*** Block opens ***

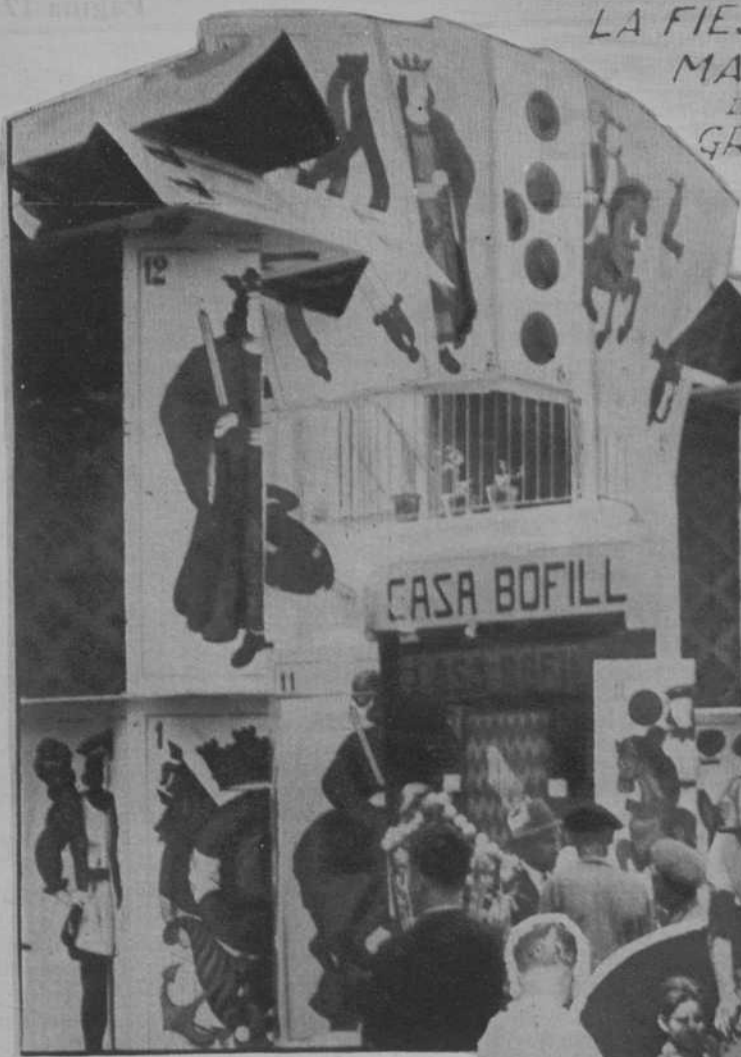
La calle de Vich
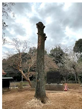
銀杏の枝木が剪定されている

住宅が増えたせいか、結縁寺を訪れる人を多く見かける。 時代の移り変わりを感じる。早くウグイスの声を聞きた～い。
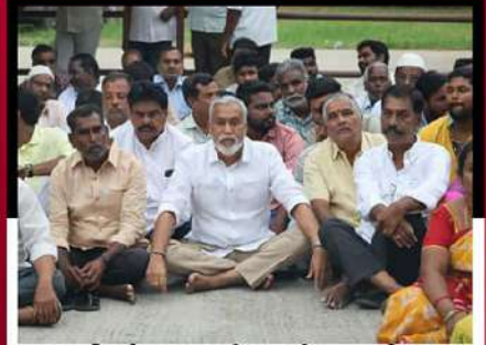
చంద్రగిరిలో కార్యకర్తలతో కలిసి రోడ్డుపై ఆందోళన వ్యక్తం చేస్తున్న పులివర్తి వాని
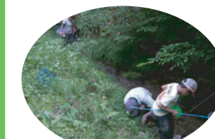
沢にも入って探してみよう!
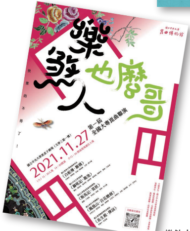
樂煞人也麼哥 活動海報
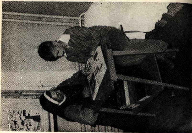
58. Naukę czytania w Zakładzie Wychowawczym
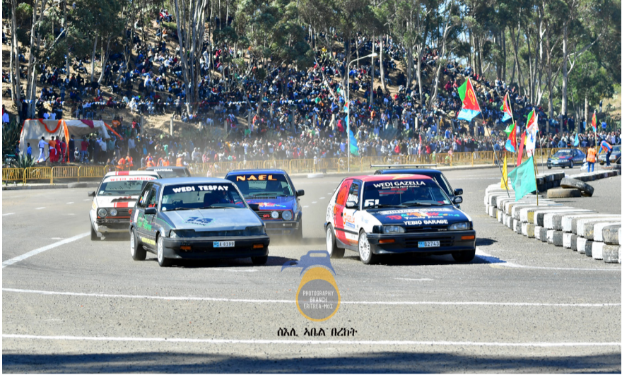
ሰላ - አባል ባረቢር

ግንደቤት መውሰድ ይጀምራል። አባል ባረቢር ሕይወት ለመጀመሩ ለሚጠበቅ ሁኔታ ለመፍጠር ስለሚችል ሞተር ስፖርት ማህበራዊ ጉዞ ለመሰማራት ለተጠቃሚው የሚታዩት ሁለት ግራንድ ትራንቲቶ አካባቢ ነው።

*** Block closes ***

(INSTRUCTIONS FOR THE TASK): Every entry above is to be copied verbatim, with the pictures removed.

(WRITTEN SOLUTION):
La calle de Vich
銀杏の枝木が剪定されている

住宅が増えたせいか、結縁寺を訪れる人を多く見かける。 時代の移り変わりを感じる。早くウグイスの声を聞きた～い。
చంద్రగిరిలో కార్యకర్తలతో కలిసి రోడ్డుపై ఆందోళన వ్యక్తం చేస్తున్న పులివర్తి వాని
沢にも入って探してみよう!
樂煞人也麼哥 活動海報
58. Naukę czytania w Zakładzie Wychowawczym
ሰላ - አባል ባረቢር

ግንደቤት መውሰድ ይጀምራል። አባል ባረቢር ሕይወት ለመጀመሩ ለሚጠበቅ ሁኔታ ለመፍጠር ስለሚችል ሞተር ስፖርት ማህበራዊ ጉዞ ለመሰማራት ለተጠቃሚው የሚታዩት ሁለት ግራንድ ትራንቲቶ አካባቢ ነው።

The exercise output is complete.